María ha sido la primera en amar a Dios en carne humana, un amor inigualable que ha consistido en asistir a la criatura, acogerlo, alimentarlo, acompañarlo, instruirlo, educarlo en las plegarias y en las promesas de su pueblo. Una fe que ha comprendido todo el sufrimiento inseparable a la concepción, no sólo en el intervalo de la natividad, sino en cada uno de los menesteres que una madre ha de afrontar en la orientación de su Hijo a la plena madurez.

Como inicialmente se ha mencionado, los dogmas de María son cuatro. Dos de los cuales, en los siglos inaugurales después de Cristo han sido reconocidos por cada una de las tendencias cristianas; mientras, que los restantes, corresponden a etapas contemporáneas, respectivamente,1845 y 1950.

Los dos primeros resultaron de Concilios, los demás son pronunciamientos papales en respuesta al misticismo popular. Uno de ellos, es el dogma de la virginidad de María, que concibió a su Hijo por gracia divina; el segundo, corresponde a la que la distingue como madre de Dios. Como es sabido, esto sería discutido en el Concilio de Éfeso celebrado en el año 431, coincidiendo con la ocasión de establecerse que en Jesús conviven lo humano y lo divino: el Hijo de María es Dios encarnado.

El tercer dogma sancionado en el año 1854 por Pío IX (1792-1878), dispuso que María procreó sin mancha, estando libre de pecado original.

Por último, el cuarto dogma es la Asunción de María al cielo en cuerpo y alma. Con anterioridad a ser doctrina revelada, por determinación del Papa Pío XII (1876-1958), la Asunción ya era una creencia extendida y la celebración estaba muy arraigada.
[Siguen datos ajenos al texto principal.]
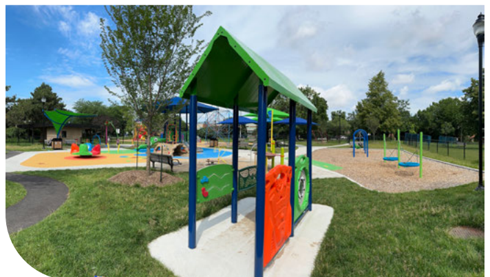
Aire de jeux accessible Allan J. Levine dans le parc Kirwan.

À Côte Saint-Luc, l'accessibilité c'est la création d'une communauté inclusive où les services permettent à tous de participer pleinement, sans obstacle. Notre objectif est de nous adapter et nous développer en matière d'accessibilité et d'inclusivité afin de servir adéquatement la population aux besoins diversifiés. Les services qui mettent en œuvre ce mandat amélioreront la qualité de vie des résidents et des visiteurs qui utilisent les installations et participent aux programmes de loisirs proposés. La Ville espère également créer un environnement inclusif où les différences sont célébrées.

Consecuentemente, Dios puso los ojos en María, llena de gracia, para consumar el más grandioso de los proyectos trazados por Él: la redención de la raza humana. Aquella doncella hebrea, sujeta a la actuación de Dios, aglutinaba hermosos caracteres que la reportaron a ser la protagonista del gran misterio de la Encarnación de Jesús.

Signos, conductas y actitudes que por doquier se prodigaron en María, como la humildad y la disposición para el servicio; o la fe y la piedad inquebrantable; o la capacidad para guardar secretos en lo más escondido de su intimidad con el Padre; pero, sobre todo, su observancia persistente conforme a la Palabra de Dios.

Esta es sencillamente la Virgen María, la madre de ese Niño que yace en el portal, aquella que como Sierva del Señor confió totalmente en Dios y aceptó el reto de llevar en su seno al Creador; criándolo bajo la guía divina para que más tarde, llevara a término la obra memorable de la Salvación.